Action item
Without its pictures, the listing below is to be transcribed exactly.

Information shown
====

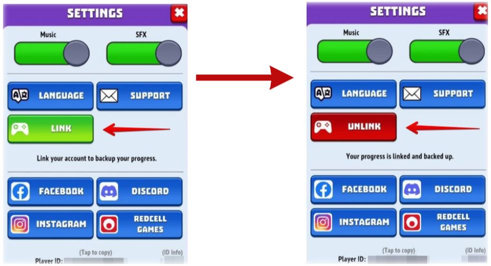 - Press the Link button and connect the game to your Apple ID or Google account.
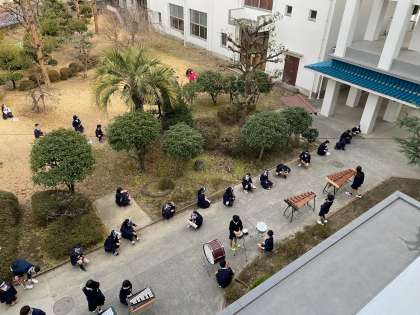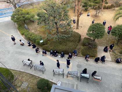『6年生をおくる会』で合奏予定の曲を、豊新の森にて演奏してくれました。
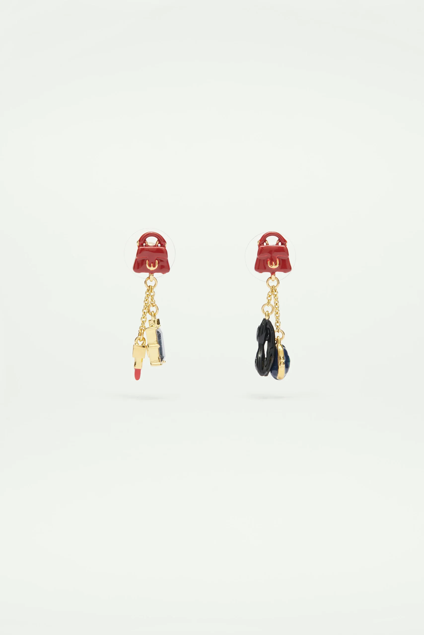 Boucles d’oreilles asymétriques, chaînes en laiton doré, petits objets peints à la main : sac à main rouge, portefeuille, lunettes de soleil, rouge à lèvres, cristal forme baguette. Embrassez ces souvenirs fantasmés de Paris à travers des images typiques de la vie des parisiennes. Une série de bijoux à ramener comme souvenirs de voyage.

====

Your response
 - Press the Link button and connect the game to your Apple ID or Google account.
『6年生をおくる会』で合奏予定の曲を、豊新の森にて演奏してくれました。
 Boucles d’oreilles asymétriques, chaînes en laiton doré, petits objets peints à la main : sac à main rouge, portefeuille, lunettes de soleil, rouge à lèvres, cristal forme baguette. Embrassez ces souvenirs fantasmés de Paris à travers des images typiques de la vie des parisiennes. Une série de bijoux à ramener comme souvenirs de voyage.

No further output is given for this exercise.